Find "- acoplamiento de" below and begin at its line; stop after the line with "Les deux salles". Output those lines exactly, without pictures.
★ ★ ★ ★ ★
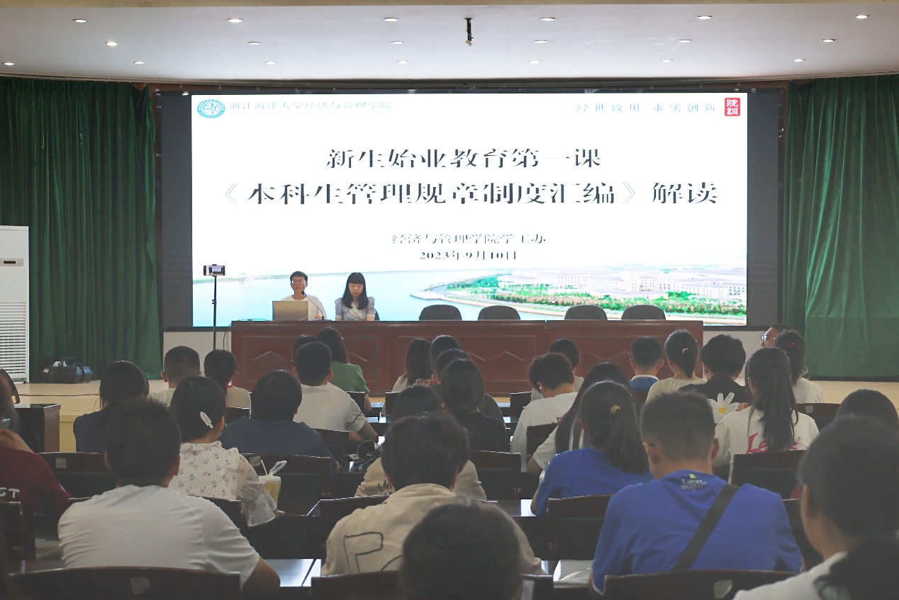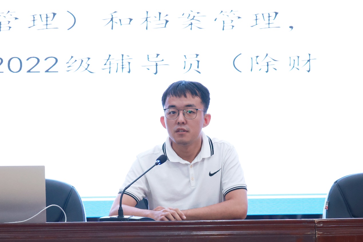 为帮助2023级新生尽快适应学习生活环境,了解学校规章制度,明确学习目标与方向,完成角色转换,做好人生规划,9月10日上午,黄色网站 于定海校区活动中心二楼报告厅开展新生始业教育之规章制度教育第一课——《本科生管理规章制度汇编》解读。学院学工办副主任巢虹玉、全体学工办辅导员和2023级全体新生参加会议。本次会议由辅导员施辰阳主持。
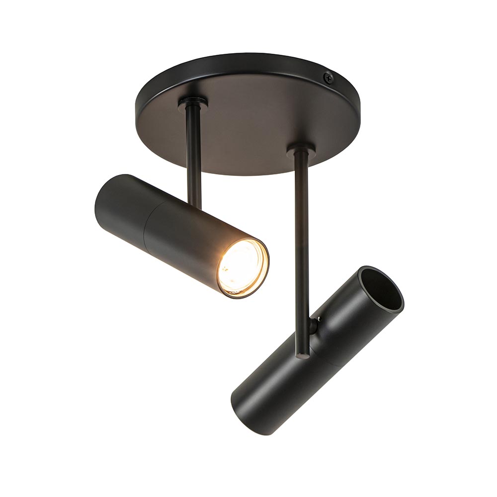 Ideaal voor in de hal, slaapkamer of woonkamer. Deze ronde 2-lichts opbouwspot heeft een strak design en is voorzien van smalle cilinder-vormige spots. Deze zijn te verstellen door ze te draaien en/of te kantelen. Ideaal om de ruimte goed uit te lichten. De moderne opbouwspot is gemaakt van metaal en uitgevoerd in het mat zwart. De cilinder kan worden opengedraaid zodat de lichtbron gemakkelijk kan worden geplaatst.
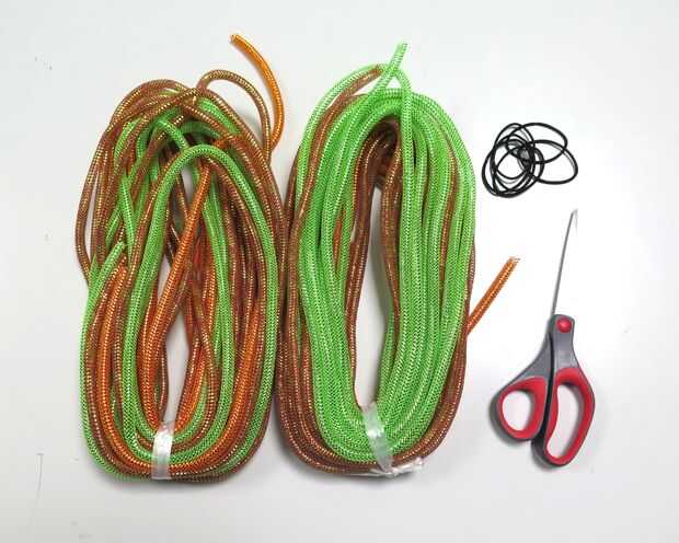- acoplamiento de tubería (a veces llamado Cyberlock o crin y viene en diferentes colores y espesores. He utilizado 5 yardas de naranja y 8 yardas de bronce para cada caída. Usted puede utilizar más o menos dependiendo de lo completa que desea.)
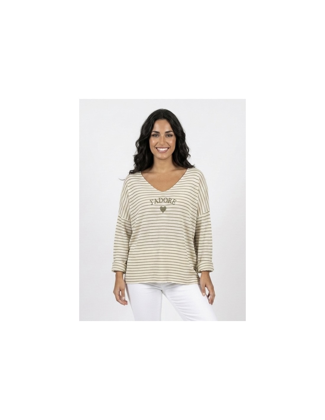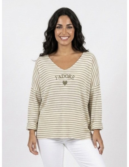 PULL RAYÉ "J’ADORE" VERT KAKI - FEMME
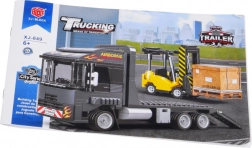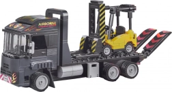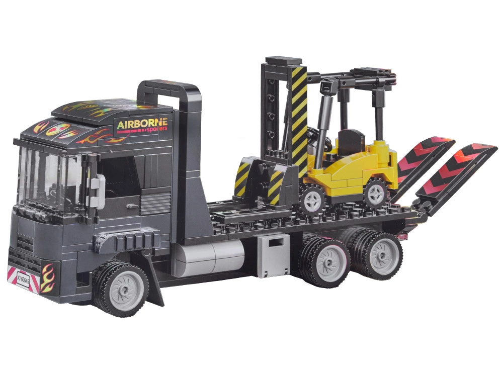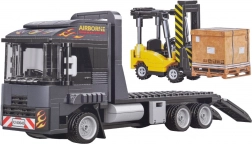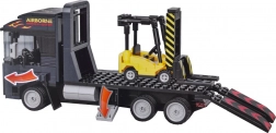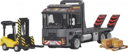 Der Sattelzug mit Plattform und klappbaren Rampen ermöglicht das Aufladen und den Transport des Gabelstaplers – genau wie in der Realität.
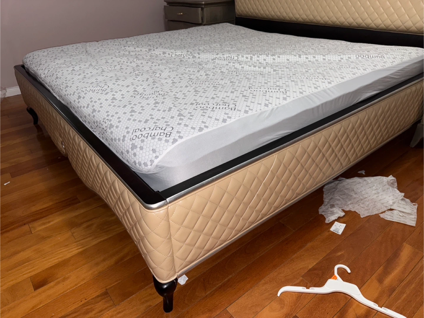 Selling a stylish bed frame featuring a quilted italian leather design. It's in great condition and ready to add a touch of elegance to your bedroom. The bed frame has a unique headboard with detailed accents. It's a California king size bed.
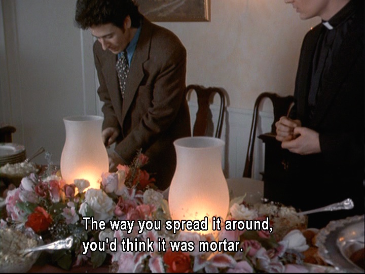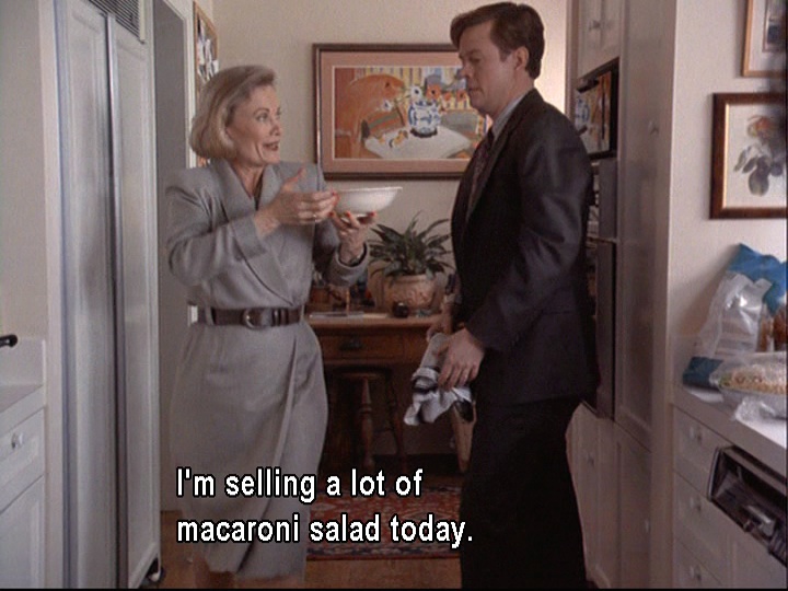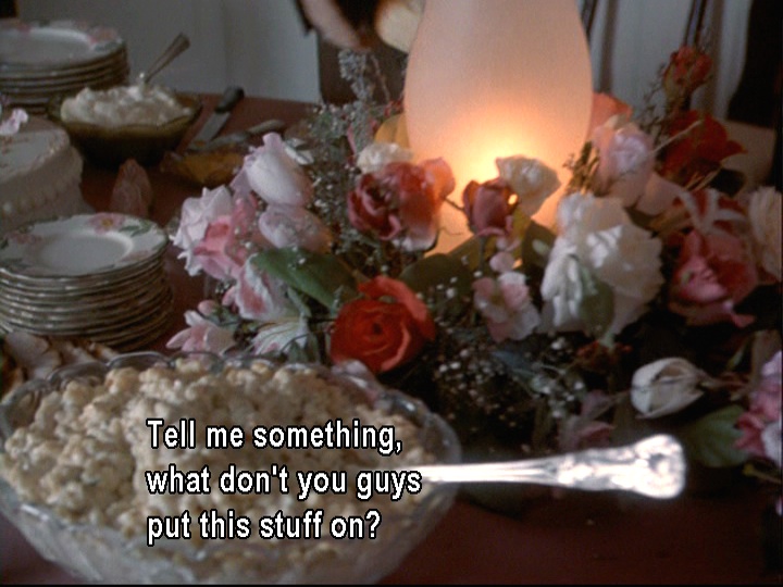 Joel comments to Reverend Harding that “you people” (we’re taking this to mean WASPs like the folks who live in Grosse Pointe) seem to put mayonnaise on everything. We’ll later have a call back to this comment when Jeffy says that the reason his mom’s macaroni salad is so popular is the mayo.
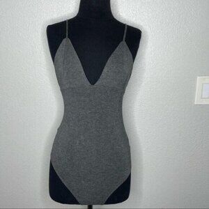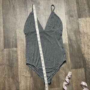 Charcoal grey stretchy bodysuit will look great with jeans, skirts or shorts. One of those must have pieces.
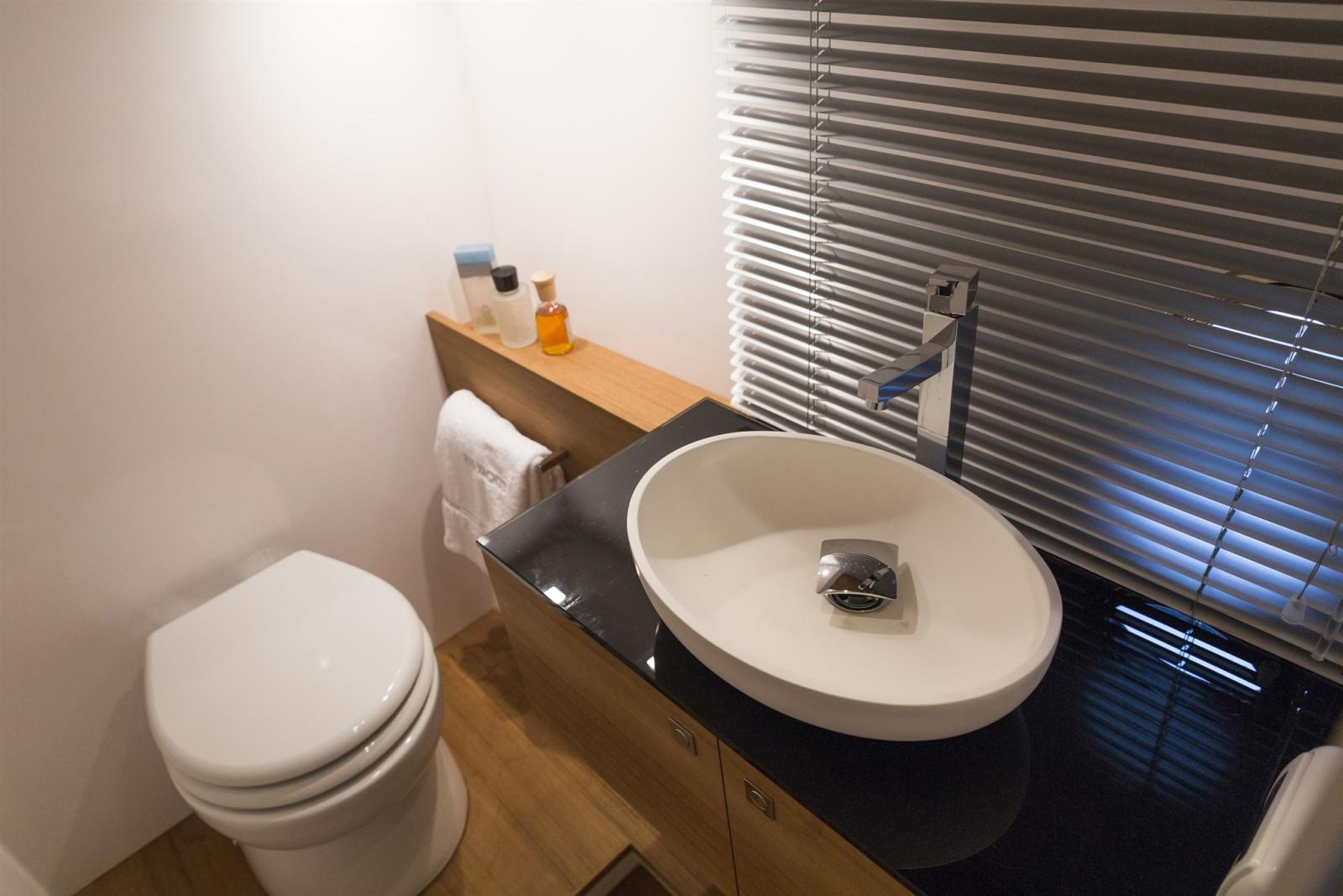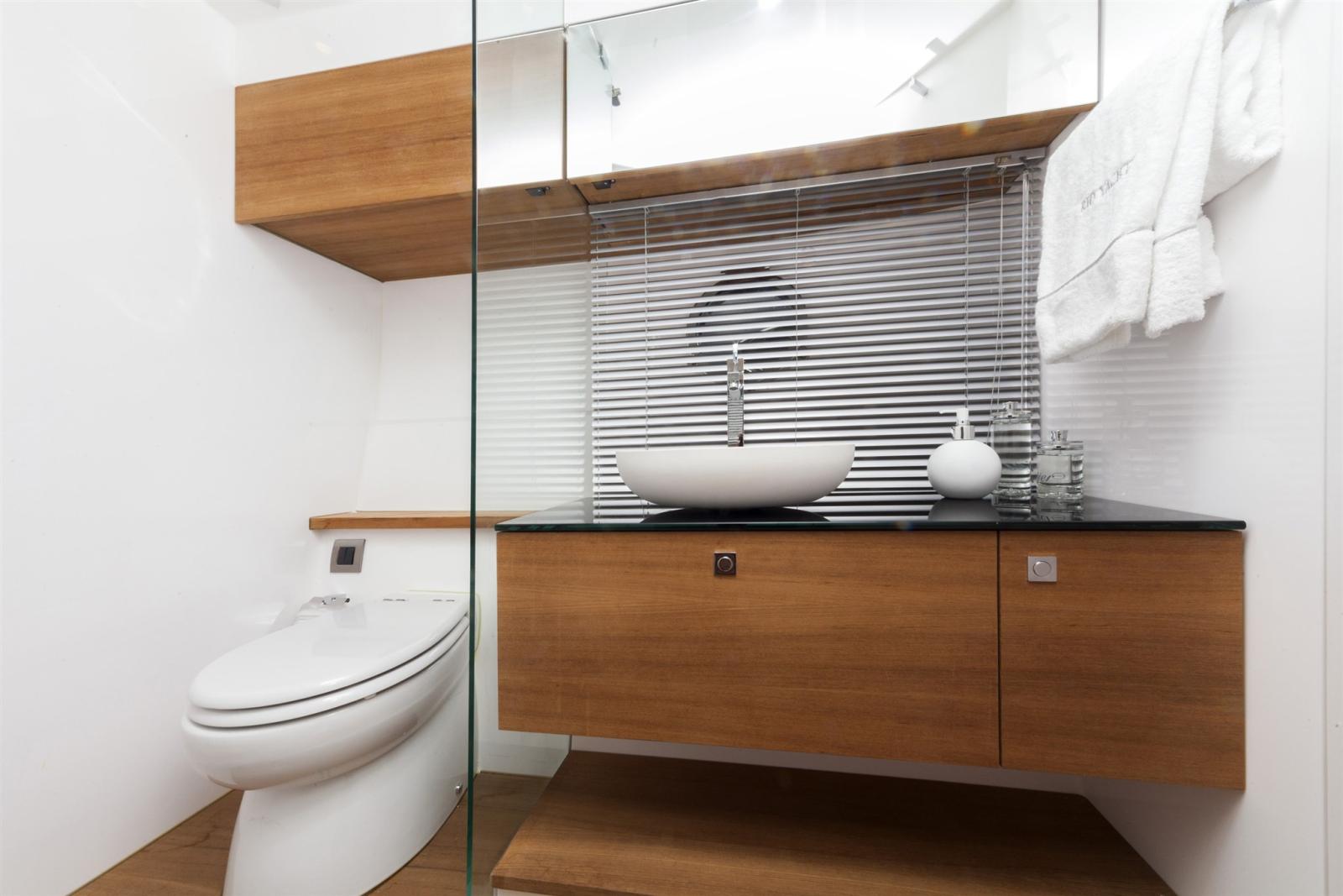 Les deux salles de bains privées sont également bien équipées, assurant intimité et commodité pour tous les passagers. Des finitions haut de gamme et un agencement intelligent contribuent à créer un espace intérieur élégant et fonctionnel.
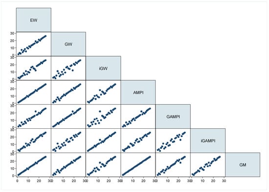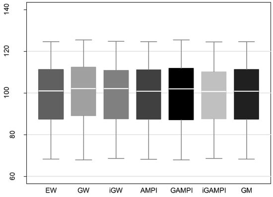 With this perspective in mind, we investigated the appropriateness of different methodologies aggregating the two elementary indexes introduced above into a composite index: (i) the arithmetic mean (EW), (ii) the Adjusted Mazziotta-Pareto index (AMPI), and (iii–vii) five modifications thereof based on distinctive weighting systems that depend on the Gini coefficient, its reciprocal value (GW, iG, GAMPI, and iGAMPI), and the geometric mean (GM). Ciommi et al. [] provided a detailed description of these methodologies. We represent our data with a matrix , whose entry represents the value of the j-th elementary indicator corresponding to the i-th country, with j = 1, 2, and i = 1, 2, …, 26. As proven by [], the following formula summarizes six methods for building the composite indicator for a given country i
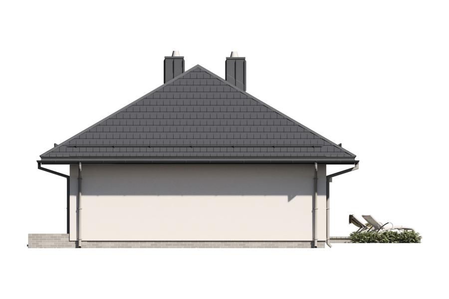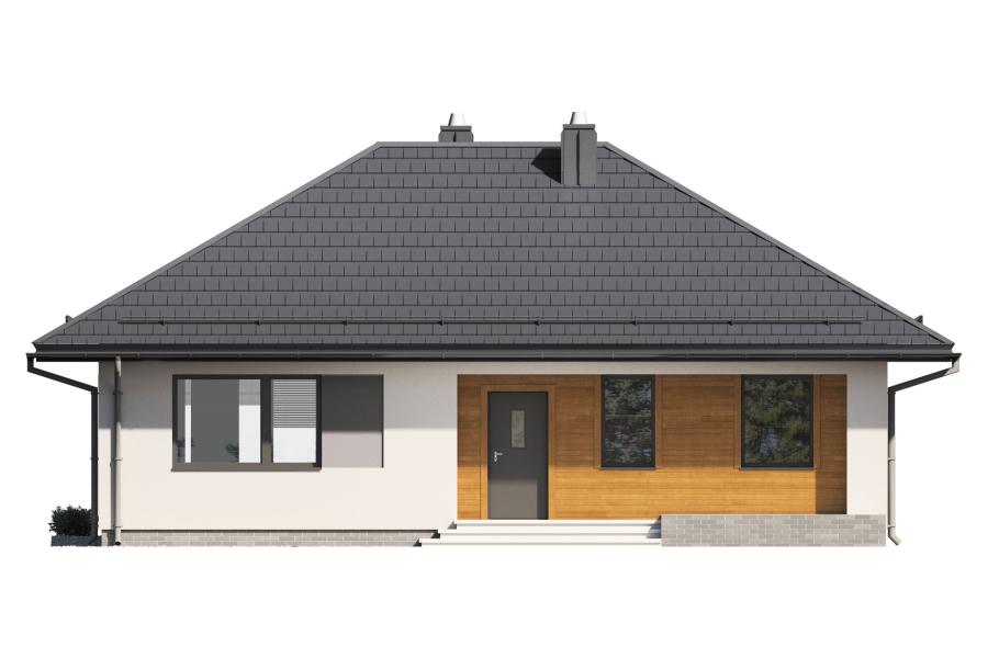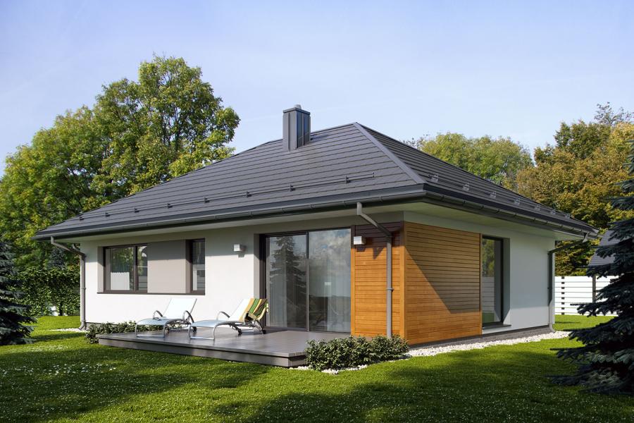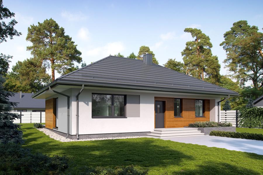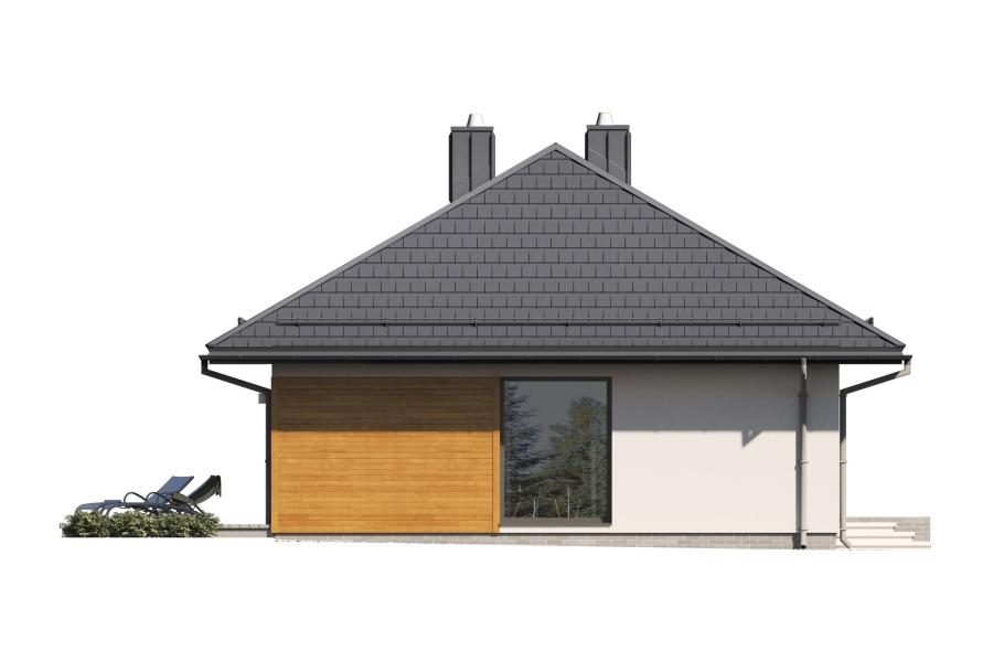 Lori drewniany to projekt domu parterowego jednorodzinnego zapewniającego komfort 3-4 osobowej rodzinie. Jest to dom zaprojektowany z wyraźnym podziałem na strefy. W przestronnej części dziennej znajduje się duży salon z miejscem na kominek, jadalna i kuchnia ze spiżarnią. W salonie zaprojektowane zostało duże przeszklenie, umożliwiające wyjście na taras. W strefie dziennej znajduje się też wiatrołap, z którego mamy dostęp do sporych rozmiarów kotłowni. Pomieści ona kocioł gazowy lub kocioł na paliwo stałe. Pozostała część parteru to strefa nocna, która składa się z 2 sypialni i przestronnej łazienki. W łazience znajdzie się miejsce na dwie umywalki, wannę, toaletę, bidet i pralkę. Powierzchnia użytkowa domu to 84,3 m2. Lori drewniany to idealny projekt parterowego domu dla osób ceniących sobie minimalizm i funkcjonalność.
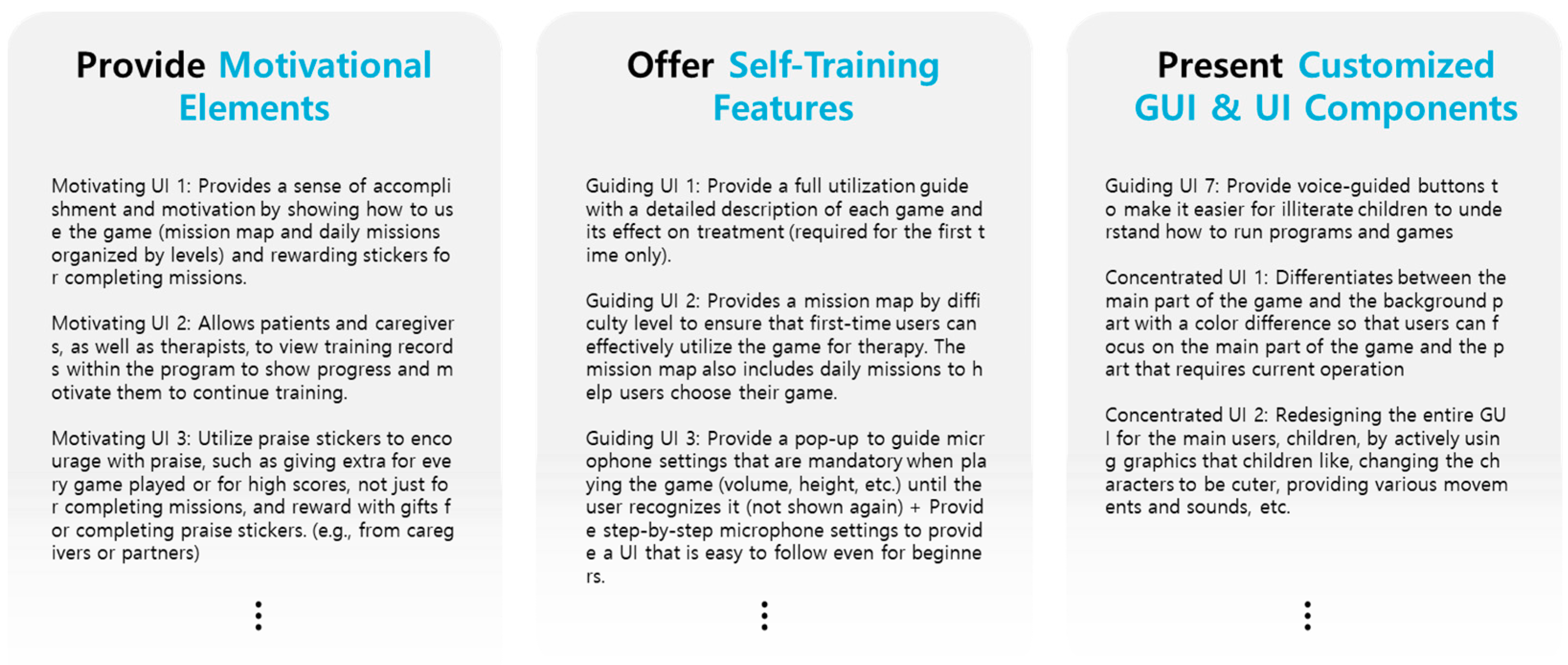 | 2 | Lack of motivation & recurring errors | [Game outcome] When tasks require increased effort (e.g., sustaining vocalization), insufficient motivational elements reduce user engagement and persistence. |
★ ★ ★ ★ ★
→ **Solved problem**
- acoplamiento de tubería (a veces llamado Cyberlock o crin y viene en diferentes colores y espesores. He utilizado 5 yardas de naranja y 8 yardas de bronce para cada caída. Usted puede utilizar más o menos dependiendo de lo completa que desea.)
 PULL RAYÉ "J’ADORE" VERT KAKI - FEMME
 Der Sattelzug mit Plattform und klappbaren Rampen ermöglicht das Aufladen und den Transport des Gabelstaplers – genau wie in der Realität.
 Selling a stylish bed frame featuring a quilted italian leather design. It's in great condition and ready to add a touch of elegance to your bedroom. The bed frame has a unique headboard with detailed accents. It's a California king size bed.
 Joel comments to Reverend Harding that “you people” (we’re taking this to mean WASPs like the folks who live in Grosse Pointe) seem to put mayonnaise on everything. We’ll later have a call back to this comment when Jeffy says that the reason his mom’s macaroni salad is so popular is the mayo.
 Charcoal grey stretchy bodysuit will look great with jeans, skirts or shorts. One of those must have pieces.
 Les deux salles de bains privées sont également bien équipées, assurant intimité et commodité pour tous les passagers. Des finitions haut de gamme et un agencement intelligent contribuent à créer un espace intérieur élégant et fonctionnel.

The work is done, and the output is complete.